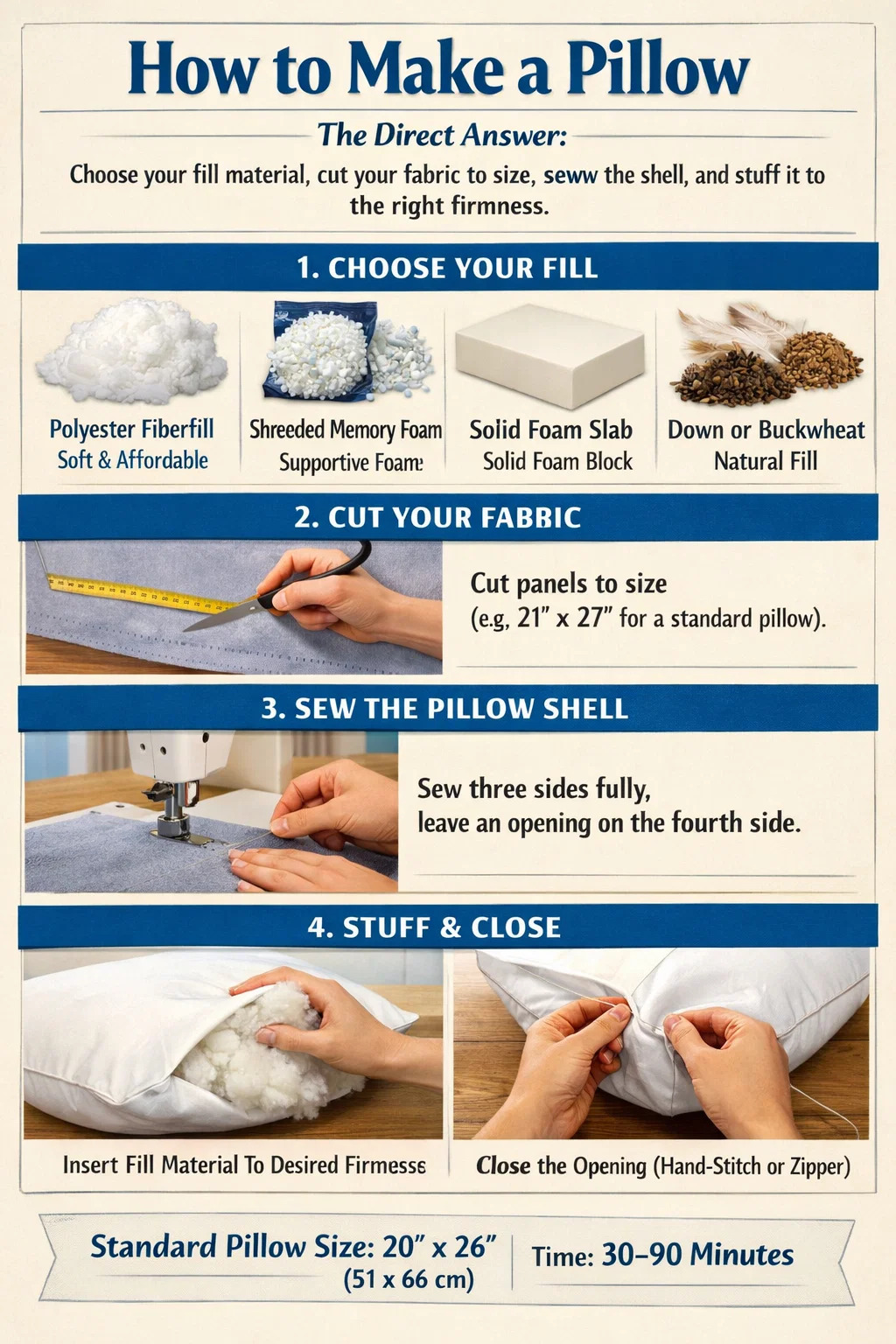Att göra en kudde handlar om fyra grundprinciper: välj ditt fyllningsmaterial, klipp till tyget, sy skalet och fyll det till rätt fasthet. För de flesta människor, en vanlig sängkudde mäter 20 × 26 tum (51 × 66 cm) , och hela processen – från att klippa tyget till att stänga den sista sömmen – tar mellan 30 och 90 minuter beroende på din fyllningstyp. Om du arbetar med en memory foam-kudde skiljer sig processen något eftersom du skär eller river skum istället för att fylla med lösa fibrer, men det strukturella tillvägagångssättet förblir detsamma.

_ _ _ _ _

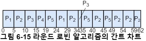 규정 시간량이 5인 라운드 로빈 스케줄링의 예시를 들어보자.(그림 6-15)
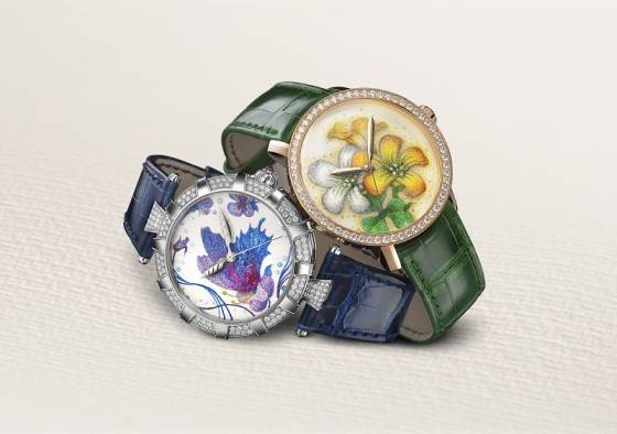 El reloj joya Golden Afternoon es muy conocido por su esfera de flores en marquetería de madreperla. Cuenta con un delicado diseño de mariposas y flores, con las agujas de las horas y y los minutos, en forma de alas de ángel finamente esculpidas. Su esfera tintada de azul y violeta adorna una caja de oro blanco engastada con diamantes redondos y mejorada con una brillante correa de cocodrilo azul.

_ _ _ _ _

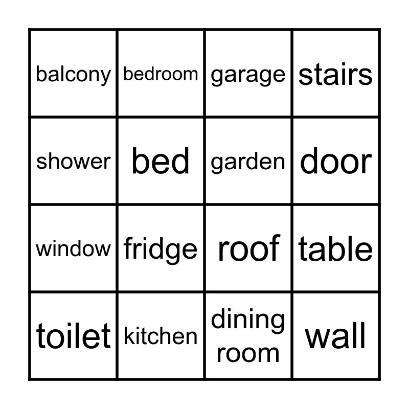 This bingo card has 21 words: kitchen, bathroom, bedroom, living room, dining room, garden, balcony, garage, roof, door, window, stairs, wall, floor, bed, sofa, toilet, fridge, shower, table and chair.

_ _ _ _ _

- [Task instructions]: Output exactly the lines above, beginning at the one with "규정 시간량이 5인 라운드 로빈 스케줄링의 예시를 들어보자.(그림 6-15)" and stopping after the one with "El reloj joya". Pictures are to be omitted.

- [Written solution]:
 규정 시간량이 5인 라운드 로빈 스케줄링의 예시를 들어보자.(그림 6-15)
 El reloj joya Golden Afternoon es muy conocido por su esfera de flores en marquetería de madreperla. Cuenta con un delicado diseño de mariposas y flores, con las agujas de las horas y y los minutos, en forma de alas de ángel finamente esculpidas. Su esfera tintada de azul y violeta adorna una caja de oro blanco engastada con diamantes redondos y mejorada con una brillante correa de cocodrilo azul.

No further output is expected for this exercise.